Reasons for living in populated areas will become obsolete as travel becomes more accessible to everyone, especially older adults.
Although some older adults are having a hard time with the idea of getting in a car that drives itself, activist for alternative senior transportation, Katherine Freund, is confident that the concept will grow on people.
“Old people are afraid of it and don’t want to do it, but do I think they are going to? Yes,” Freund said. “Freedom just about overrides everything.”
However, there is concern that fear will be too great of a factor for some people to overcome.

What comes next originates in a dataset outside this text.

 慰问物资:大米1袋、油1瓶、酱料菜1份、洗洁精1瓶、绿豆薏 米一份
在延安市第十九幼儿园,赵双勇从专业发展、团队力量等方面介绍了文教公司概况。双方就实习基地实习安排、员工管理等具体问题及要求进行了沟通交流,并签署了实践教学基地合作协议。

“For [authonomous vehicles] to really be possible, we have to make them more trusted and understood,” Giudice said. The hope is that with growing accessibility to dialogue about autonomous vehicles, they will become less feared and more popular.
Currently, vehicle technology is ahead of policy in Maine, but Peabody and Dibner said there is plenty of time for catch-up.
“Changing things like making traffic signals so they would connect to vehicles through Bluetooth are the changes we will need to make once we get the go-ahead,” Peabody said.
Autonomous vehicles might be closer in Maine’s future than originally thought as some speculate that autonomous vehicles will gain momentum by 2028, a mere seven years away.
“Electric vehicles are expected to reach a turning point in 2024,” Peabody said. [Autonomous vehicles] can’t be far behind.”
Overall, the consensus from the discussion is that autonomous vehicles could do a lot of good for Maine both economically and socially, especially regarding older adults and those with disabilities. However, the question remains: when?
“Some people say a few years, while others say 40-50 years, but everyone is agreeing that it will happen at some point,” Dibner said. “And that is what’s important.”